Today I had cause to reflect on a conversation I had with my [now ex-]wife shortly after my epithany. Everything was so new and unknown. All I was certain of was that something had changed in my life and I now had an overwhelming sense of loving and being loved by a Christ that I had only known peripherally through what I'd read in WTS literature.
After telling her what had happened she asked a classic JW question "does that mean you want to go to heaven, then?" and I have to admit to being completely floored by it. I just simply hadn't expected it and everything was too fresh to have thought out any such thing.
It took me two days before I could process it and come back with an answer, which was along the lines of "simply put, I love Christ. I REALLY love him. In fact I love him so much that I'd rather be in hell with him than in heaven without him! It's got nothing to do with me wanting to be in a certain place, but it's got everything to do with being with a certain person. But since he's in heaven, yes, I want to be in heaven". It was her turn to be floored.
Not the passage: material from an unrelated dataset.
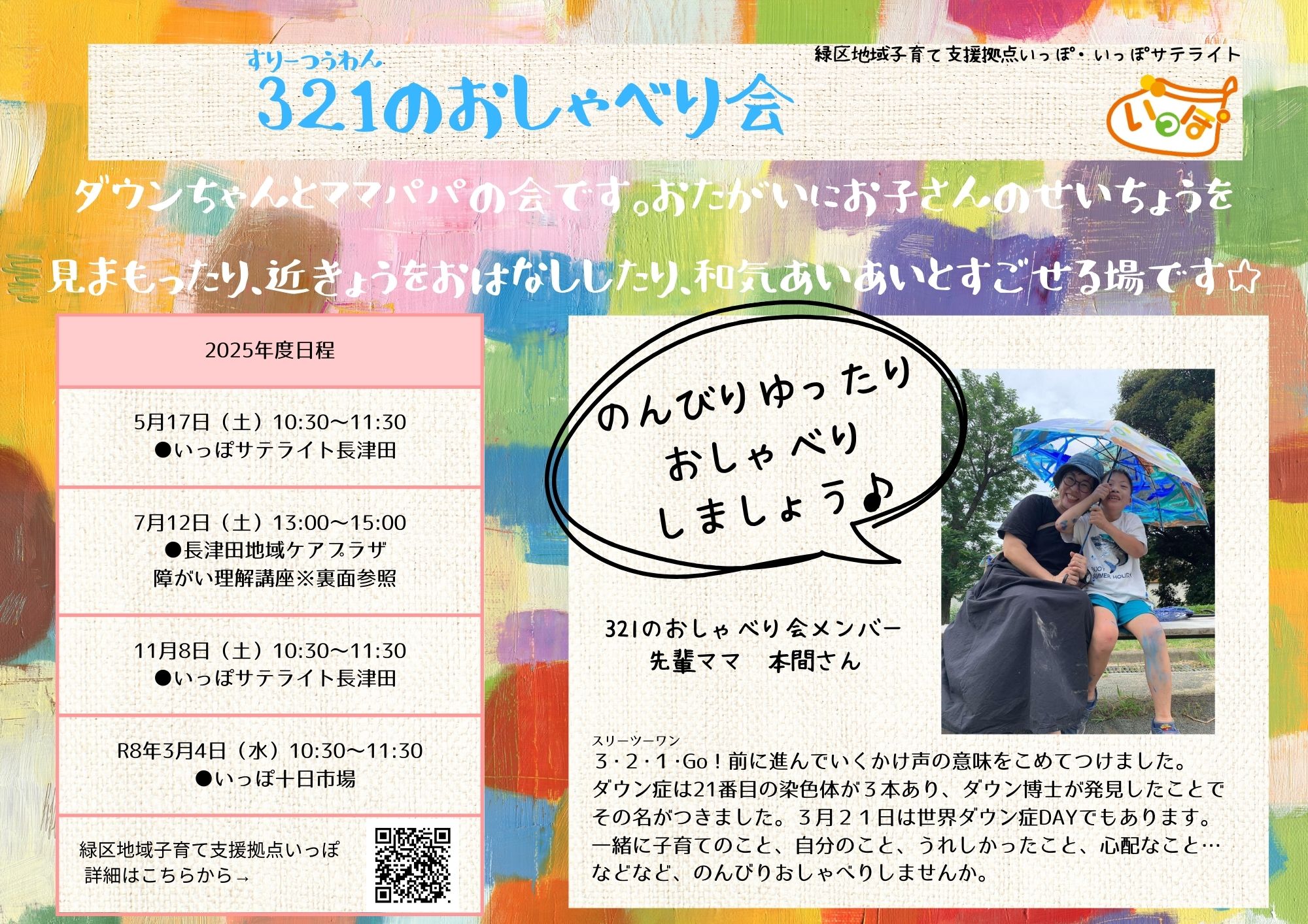 | 詳細 | 321(すりーつーわん)のおしゃべり会では、ダウン症のお子さんを持つ親御さんが、子どもの成長をお互いに見守ったり、近況をお話したり、和気あいあいと過ごせる会です。 今年度は3回開催予定です。 先輩ママが毎回一緒にお話しします。 ※321とは、、、ダウン症は21番目の染色体が3本で1本多いこと、また、3月21日が世界ダウン症DAYに由来して名付けました。ダウン症の名はダウン博士が発見したのでそう呼ばれています。 |

I was pretty floored again myself, because I certainly didn't believe in hell but really wanted to convey my depth of feeling on the subject.
Right from the beginning I found the whole experience incredibly humbling. I still feel that way. I feel in no position to judge anyone, as may be seen in quite a number of my posts here. You can believe it's genuine. There are so many people here that I feel are far far better than I. Brighter, smarter, passionate, more loving, more caring, all the things that I hold in high esteem. That, among other reasons, is perhaps why I've never felt worthy of "going to heaven", or even of receiving the love of Christ and other friends. I don't mean that in any kind of depressive way - if you've ever met me you'll know that my zest for life in unquenchable. It just seems that love is rarely truly deserved, it just seems to be given and sometimes reciprocated - what a wonderfully inefficient and gracious transaction!
That having been said, I know that love tangibly, with varying intensity. In the words of Job "I know my redeemer liveth". But even if at the close of this life it turns out I was completely deluded (for I must permit the possibility that I have completely taken leave of my senses and now actually sit in a sanitorium, jailed in my own mind), it's been a good life, a wonderful life, and I have had the pleasure of meeting some wonderful people!
Regardless of where we think we may or may not end up, to me it's all about love, light, and life, and these things burn brightly in the hearts of most all I meet.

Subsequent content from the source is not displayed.